Each year I tend to gravitate toward a new Education Guru and explore their thoughts and ideas.  Last spring I was fortunate enough to hear Robyn R. Jackson speak.  She is with Mindsteps, Inc.  I really liked what she was telling me so I read her book Never Work Harder Than Your Students and subscribed to her Newsletter.  I especially like the Tip Sheets that are available with each newsletter and on the Website.

 

Recently, a teacher with whom I was working confessed to me, “Robyn, I cannot work any harder than I am already working.  And yet, my kids aren’t making the progress they need to make to pass the AP test.  I am so frustrated.”
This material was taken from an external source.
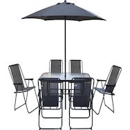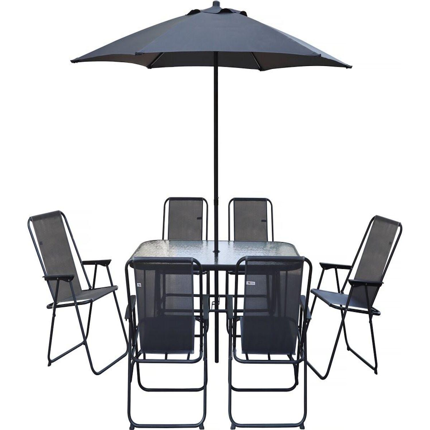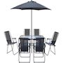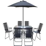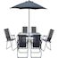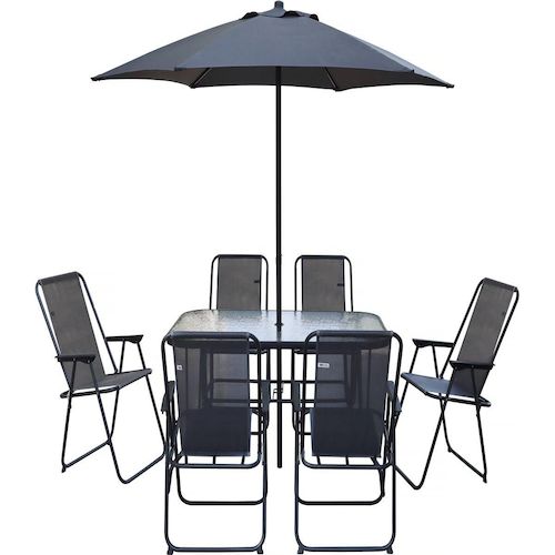 Ensemble table et chaises + parasol Convivia - 6 places - Dimensions chaises : 53 x 67 x 89 cm - Dimensions parasol : 180 x 180 x 220 cm - Dimensions table : 130 x 80 x 70 cm - Métal - Table avec verre trempé - Gris anthracite.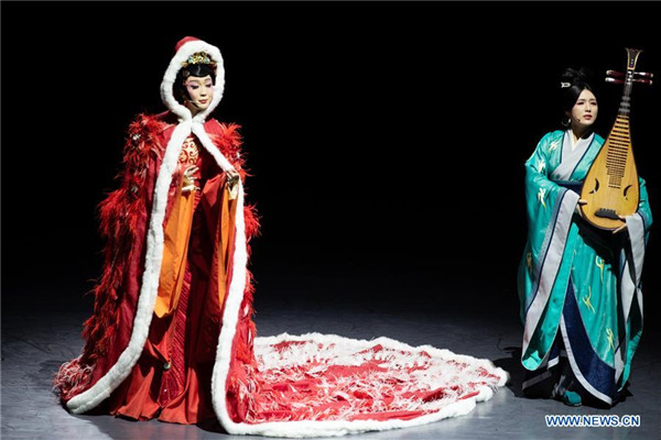 Actors perform in "Lady Zhaojun" at the Thailand Culture Center in Bangkok, Thailand, Oct. 5, 2019. The theatrical musical Lady Zhaojun of China's well-known singer Li Yugang made its debut here on Saturday night and would also be performed on Sunday night. Wang Zhaojun, who lived some 2,000 years ago in Han dynasty, won big rounds of applause in the Thailand Culture Center. (Xinhua)

     I hear this a lot.  Teachers are working as hard as they can – they stay after school, they are up until midnight each night planning new lessons and grading papers.  They are giving everything they have and yet it seems to them that their kids, are working hardly at all.
     And yet, as common and as frustrating as this situation is, I get into a lot of trouble for the title of my book Never Work Harder Than Your Students.  Some critics (who aren’t teachers by the way)  have read the title and been immediately offended.  They say that I am trying to let teachers — who are already lazy enough — off the hook for doing the work that they should be doing.  Even some teachers prickle at the title.   They argue that of course they should work harder than their students.  That’s their job.
     The other day I read a story that illustrates the danger of such a view.  A cow and a mule worked on the small farm.  Each morning, the farmer would start the day by milking the cow.  Then he would hitch up the mule to plow his fields.  At the end of the day, he would return to the cow and milk her again.  One evening, the mule weary from a day of plowing approached the cow. 
            “I am so exhausted.  All day long I plow the fields. My legs are sore.  My back is chafed by the plow.  I need some rest.”
            The cow felt sympathy for the poor, tired mule and suggested, “Why don’t you pretend to be sick tomorrow.  That way you can get a day off.”
            The mule thought that was an excellent idea so the next morning, when the farmer came to hitch him to the plow, he lay down in his stall and moaned.  The farmer, seeing that the mule was sick closed the stall door and took the plow to the cow’s stall and hitched her up instead.  All day long she pulled the plow through the fields and that evening she returned to the barn to be milked.  The mule on the other hand, enjoyed a relaxing day grazing in the meadows.
            Angry and exhausted, the cow scolded the mule.  “You spent a day of leisure while I had to do your work and mine.  Now I am tired and my legs are sore and my back is chafed by the plow.”
            The mule felt a twinge of guilt and apologized but he had enjoyed such a relaxing day that the next morning, he pretended to be sick again.  The cow spent another day of milking, plowing, then milking again.  That evening, she was too tired to fuss at the mule.  The mule saw that the cow was doing a great job at doing both of their work so he felt less guilty and decided to take the rest of the week off.
            By Thursday, the cow’s milk began to dry out.  Her legs were shaky and although she gave it her best effort, she was unable to plow as much of the field as she had at the beginning of the week.  The farmer became frustrated because he was unable to get as much work done and there was no milk.  That evening he walked into the barn and made a decision.  Because the mule seemed so sick, he would sell him to a glue factory and use the money he earned to buy a healthy mule.  And, because the cow no longer produced good milk, he would use her for meat instead.  When the mule and the cow heard the farmer, they quickly got back to doing their jobs.
            How many times does this story play out in our classrooms?  The students, like the mule, don’t do their jobs of learning.  And we, like the cow, attempt to do both our work and the students’ work.  Often we think we are helping students by doing things this way, but in the end, we are doing harm to both them and us.
            Instead let’s recognize what is our work and what is the students’ work.  The bulk of our work happens before students enter the classroom and after students leave.  We plan and prepare learning experiences and after class is over, we assess and provide students feedback on how well they engaged in those learning experiences so that we can all improve the next day.  The students’ work happens during the class period where it is their jobs to do the work of learning.  It’s not that we should sit idle during class time, but we should never do anything that let’s students off the hook for doing the work of learning of themselves. When we do our jobs properly, we set students up for meaningful and engaging learning experiences.  But, when we work harder than our students, we cheat them and ourselves.